The 1st situation shown in Fig. 6 is: on the phrase components 242 be illustrated by the broken lines, synthesize the tonal content 250 be illustrated by the broken lines equally, obtains the situation of the F0 profile 246 after matching thus.2nd situation is: the tonal content 252 that synthesis is represented by fine rule equally on the phrase components 244 represented by fine rule, obtains the situation of F0 profile 246 thus.

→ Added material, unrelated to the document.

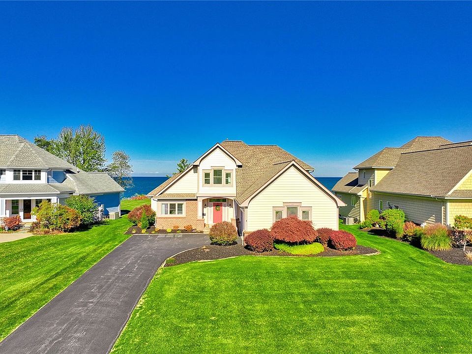AVAILABLE NOW FOR THE FIRST TIME! *No Delayed Negotiations!* PRIME WATERFRONT COMMUNITY — ENDLESS LAKE VIEWS! This home sits elevated on the bluff in Webster’s EXCLUSIVE COASTAL VIEW NEIGHBORHOOD, offering the LUXURY of WATERSIDE LIVING with UNOBSTRUCTED LAKE ONTARIO VIEWS plus nearby COMMUNITY ACCESS TO THE SHORELINE (4 houses away) & FOUR-MILE CREEK! enjoy kayaking, fishing, or walks by the water *WAKE UP TO THE LAKE! The FIRST-FLOOR PRIMARY SUITE features A SOARING TRAY CEILING and Expansive Windows that CAPTURE THE VIEW the moment you open your eyes! The OPEN-CONCEPT Kitchen and Dining area feature Hardwood Floors and are wrapped in Windows overlooking the Lake, with Quality Cabinetry, Granite countertops, Tile backsplash, Center island Breakfast Bar, and Walk-in Pantry * Anchoring the home is the GREAT ROOM W/VOLUME TRAY CEILING, Gas Fireplace, Built-in cabinetry, and a SHOWSTOPPING WALL OF WINDOWS! First Floor DEDICATED OFFICE/4th bedroom with sliding pocket doors and built in desk offer the perfect work-from-home setup — or could easily function as an additional bedroom or quiet flex space. A MUDROOM ENTRY off the garage includes FIRST-FLOOR LAUNDRY * Upstairs are two generous bedrooms and a full bath with tub/shower combo * The full unfinished basement offers endless potential, and a LARGE COMPOSITE DECK leads to a LEVEL BACKYARD overlooking Lake Ontario! This UPSCALE COMMUNITY is filled with HIGH-END HOMES and SCENIC open spaces. Nearby, you’ll find Waterfront Dining, Hiking and Parks! Webster's Sandbar Park/Irondequoit Bay and Ontario's Bear Creek Harbor are approx. 10 minutes for boating and recreation *A RARE opportunity to experience Luxury Lakefront Living in one of Webster’s Most Desirable Neighborhoods!

As shown in Figure 6, tonal content 250 is almost consistent with tonal content 252, but the position of the low target point of the high impact point of initial tone key element and rear side is lower than tonal content 252.

Situation about phrase components 242 and tonal content 250 being combined, difference with situation about phrase components 244 and tonal content 252 being combined, mainly based on the result of text resolution.When the result of text resolution be breath-group be set as two, adopt the phrase components 242 be made up of two phrases as phrase components, the tonal content 252 obtained with the tone contour according to Japanese synthesizes.When the result of text resolution be breath-group be set as three, phrase components 244 and tonal content 250 are synthesized.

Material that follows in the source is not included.